Select the new control law as

$$U_{\mathrm{p}}=M_{\mathrm{p}}{\dot{x}}^{*}+J_{\mathrm{p}}{x}^{*}+R_{\mathrm{p}}{x}^{*}-R_a{x}_{\mathrm{e}}$$

(14)

Then when $M_{\mathrm{P}}{\dot{x}}_e+J_{\mathrm{P}}{x}_{\mathrm{e}}+R_{\mathrm{P}}{x}_{\mathrm{e}}+R_{\mathrm{a}}{x}_{\mathrm{e}}=0$, there is

$${\dot{H}}_{\mathrm{e}}\left(x_{\mathrm{e}}\right)=-{\xi }_1{x}_{1\mathrm{e}}^2-R_g{x}_{3\mathrm{e}}^2<0$$

(15)

It can be seen from Equation (15) that injecting damping into the system can significantly affect the speed at which the system converges to zero.

Based on the above equations, the control equation of the passivity-based controller can be deduced as

$$u_{\mathrm{A}}=\frac{u_{\mathrm{c}}^{*}+L_1\frac{d{i}_1^{*}}{dt}-{\xi }_1{x}_1}{u_{\mathrm{dc}}}=\frac{u_{\mathrm{c}}^{\ast }+L_1\frac{d{i}_1^{*}}{dt}-{\xi }_1\left(i_1-i_1^{*}\right)}{u_{\mathrm{dc}}}$$

(16)

It can be seen from Equation (16) that the control law is not directly related to the grid impedance. Therefore, the passivity-based controller designed in this paper is suitable for single-phase grid-connected inverters, and can be applied indiscriminately in the strong grid and weak grid with variable grid impedance.

3. Design of Fuzzy-Active Disturbance Rejection Control

3.1. Active Disturbance Rejection Controller

When the inverter is connected to the grid, the current controller is usually used to ensure the accurate tracking of the grid current. However, when the control method of Equation (16) is adopted, although the global stability of the whole system is guaranteed under the disturbance away from the working point, there is no direct tracking of the grid-connected current, but the tracking of the inverter-side current i₁ is used to indirectly complete the output current control. Because the calculation process of i_1r includes the first and second derivatives of the grid voltage, and it is affected by the change of the system model parameters, it is very difficult to accurately obtain i_1r. At the same time, the rich background harmonics in the grid voltage will also interfere with its accurate trackings, such as causing amplitude error and phase lag, which leads to the deterioration of the entire system performance. Therefore, it is considered to use active disturbance rejection control to generate reference i_1r and realize zero steady-state error and harmonic suppression of sinusoidal current control.

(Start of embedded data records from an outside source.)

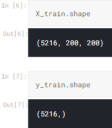 请允许我们回顾一下X_train和X_test这两个数组。它们的形状分别为(5216, 200, 200)和(624, 200, 200),关键在于了解这些结构特征。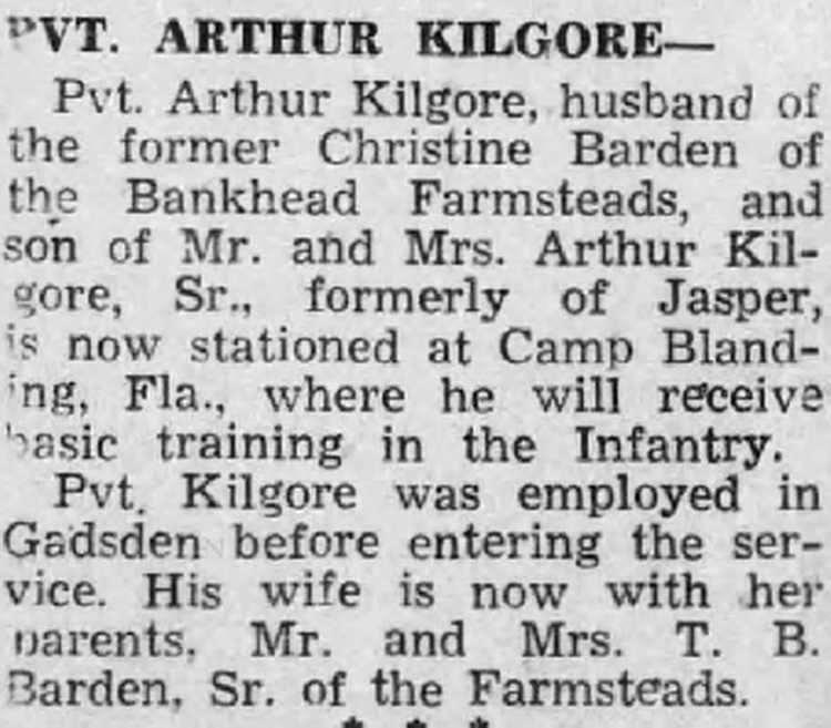 Fla., where he will receive basic training in the Infantry. Pvt. Kilgore was employed in Gadsden before entering the service. His wife is now with her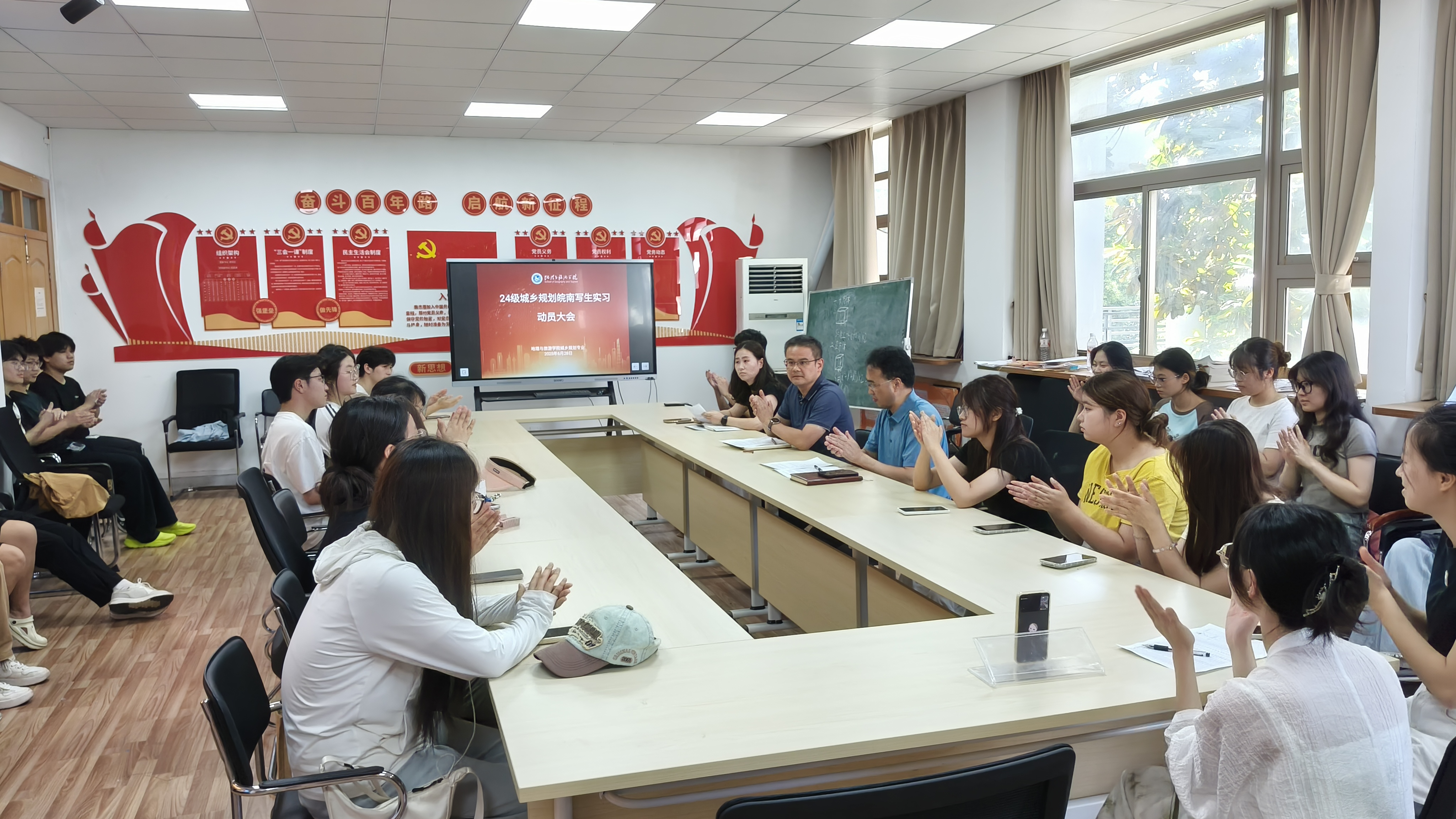 6月28日下午,英国365集团官网在行政楼2楼会议室召开2024级城乡规划皖南写生实习动员大会,公司党委副书记付勇、副经理杨兴柱、专业教师金莹莹以及2024级城乡规划专业全体同学参会。会议由金莹莹主持。
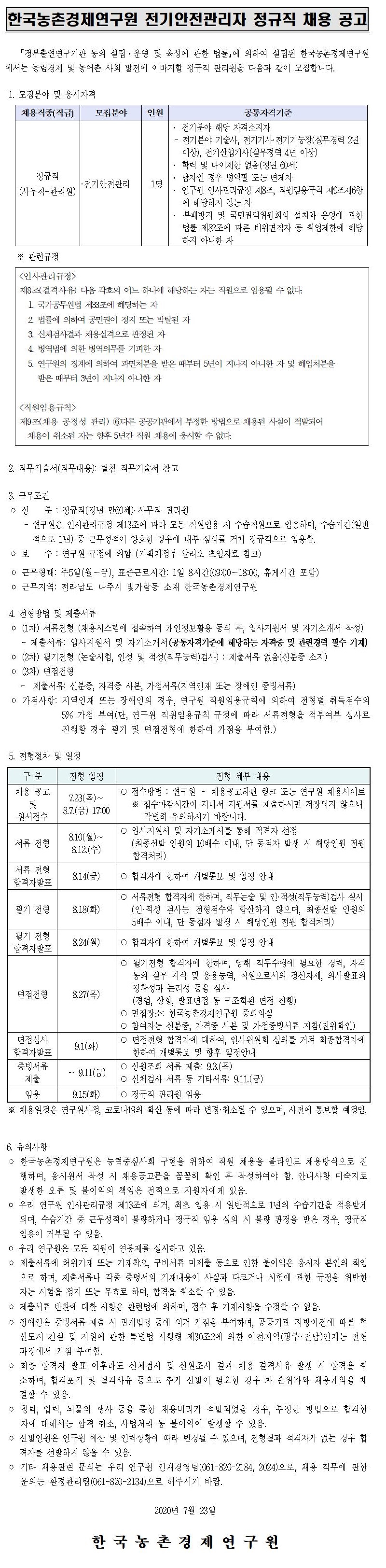 한국농촌경제연구원 전기안전관리자 정규직 채용 공고

Active disturbance rejection controller generally includes tracking differentiator (TD), extended state observer (ESO), and nonlinear state error feedback control law (NLSEF) [19,20,21], and its principle structure is shown in Figure 2. The function of the tracking differentiator is to arrange the transition process and give the differential signal of this process; the extended state observer is to estimate the state and disturbance of the system; the nonlinear state error feedback control law compensates the obtained disturbance component [22,23]. ADRC does not require accurate model parameters of the system. The uncertainty of the system’s own model parameters and the external disturbances such as low-frequency voltage harmonics in the system can be regarded as disturbances of the entire system, and can be estimated and compensated by ESO and NLSEF links. Therefore, it has a certain resonance suppression ability, and has strong robustness and automatic adjustment ability [24]. The first-order ADRC control system can be expressed as-

Figure 2. ADRC principle structure diagram.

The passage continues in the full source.